--- EXTRACTED ENTRIES ---

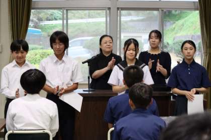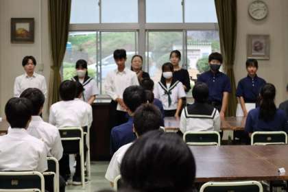 後期の生徒会役員、委員長、室長を任命しました。どの生徒も明るい声で返事をし、任命状をていねいに受け取りました。活躍を期待しています。
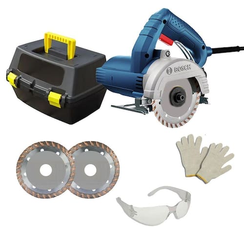 Essa serra mármore também é acompanhada por 2 discos diamantados, óculos de segurança, par de luvas e uma maleta para transporte, garantindo praticidade e proteção durante o uso e armazenamento.
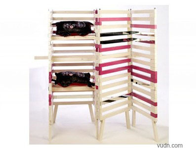 我們為這款物品架起了一個很矛盾的名字,叫:分隔交叉物品架。因為在您使用這款家具的時候,會遇到這兩個問題,它可以將物品分別放在不同的隔斷里面,起到分隔的作用,當您需要收起物品架的時候,它們之間是交叉在一起的,看來它非常好玩兒。所用的材料是:樺木,高:170厘米,寬:60厘米一個隔斷。
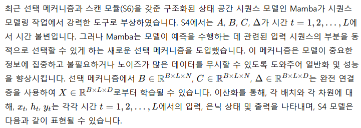 Mamba 모델 [3]은 시퀀스 모델링 분야에서 중요한 발전을 나타냅니다. 이 모델은 선택 메커니즘과 스캔 모듈로 알려진 S6를 갖춘 구조화된 상태 공간 시퀀스 모델(S4)을 통합하여 전통적인 접근 방식을 능가합니다. Mamba 모델은 전통적인 시계열 모델이 역사적으로 어려움을 겪었던 순차 데이터의 비선형 패턴을 포착하는 데 탁월합니다. Mamba의 핵심 강점은 선형 시간 복잡도를 사용하여 시퀀스를 효율적으로 모델링할 수 있는 능력에 있으며, 이는 대규모 데이터셋을 처리하는 데 적합합니다. 혁신적인 선택 메커니즘은 데이터 내의 다양한 패턴과 구조에 동적으로 적응할 수 있게 하여 더 정확한 예측을 가능하게 합니다. 또한, 스캔 모듈은 상태 공간을 스캔하여 예측에 필요한 관련 정보를 식별하는 능력을 향상시킵니다.
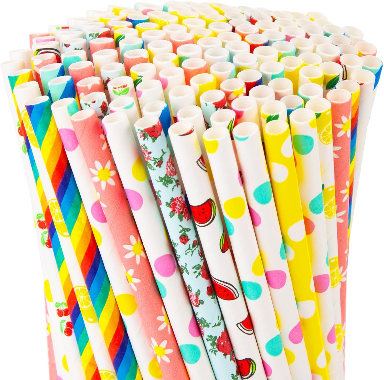 • Premium Value Set: This set includes 180 paper straws in 9 different patterns, each measuring 0.24 inches in diameter and 7.8 inches in length. Designed to fit most beverage cups and containers, these straws are cut flat and smooth and come in equal lengths. The straws are beautifully printed with vibrant, long-lasting colors. Perfect for family and friends parties, you can mix and match as many colors as you like
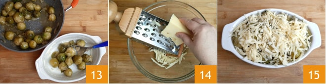 Coloque aqui as couves cozidas 13. Rale o queijo gruyère com o lado de furos grandes 14, cubra com bastante queijo 15 e asse em forno ventilado pré-aquecido a 180° por 8-10 minutos.

---

### WHAT IS BEING ASKED
Keep the pictures out, and write out the rest of the data above word for word.

### RESULT FOR THIS EXERCISE
 後期の生徒会役員、委員長、室長を任命しました。どの生徒も明るい声で返事をし、任命状をていねいに受け取りました。活躍を期待しています。
 Essa serra mármore também é acompanhada por 2 discos diamantados, óculos de segurança, par de luvas e uma maleta para transporte, garantindo praticidade e proteção durante o uso e armazenamento.
 我們為這款物品架起了一個很矛盾的名字,叫:分隔交叉物品架。因為在您使用這款家具的時候,會遇到這兩個問題,它可以將物品分別放在不同的隔斷里面,起到分隔的作用,當您需要收起物品架的時候,它們之間是交叉在一起的,看來它非常好玩兒。所用的材料是:樺木,高:170厘米,寬:60厘米一個隔斷。
 Mamba 모델 [3]은 시퀀스 모델링 분야에서 중요한 발전을 나타냅니다. 이 모델은 선택 메커니즘과 스캔 모듈로 알려진 S6를 갖춘 구조화된 상태 공간 시퀀스 모델(S4)을 통합하여 전통적인 접근 방식을 능가합니다. Mamba 모델은 전통적인 시계열 모델이 역사적으로 어려움을 겪었던 순차 데이터의 비선형 패턴을 포착하는 데 탁월합니다. Mamba의 핵심 강점은 선형 시간 복잡도를 사용하여 시퀀스를 효율적으로 모델링할 수 있는 능력에 있으며, 이는 대규모 데이터셋을 처리하는 데 적합합니다. 혁신적인 선택 메커니즘은 데이터 내의 다양한 패턴과 구조에 동적으로 적응할 수 있게 하여 더 정확한 예측을 가능하게 합니다. 또한, 스캔 모듈은 상태 공간을 스캔하여 예측에 필요한 관련 정보를 식별하는 능력을 향상시킵니다.
 • Premium Value Set: This set includes 180 paper straws in 9 different patterns, each measuring 0.24 inches in diameter and 7.8 inches in length. Designed to fit most beverage cups and containers, these straws are cut flat and smooth and come in equal lengths. The straws are beautifully printed with vibrant, long-lasting colors. Perfect for family and friends parties, you can mix and match as many colors as you like
 Coloque aqui as couves cozidas 13. Rale o queijo gruyère com o lado de furos grandes 14, cubra com bastante queijo 15 e asse em forno ventilado pré-aquecido a 180° por 8-10 minutos.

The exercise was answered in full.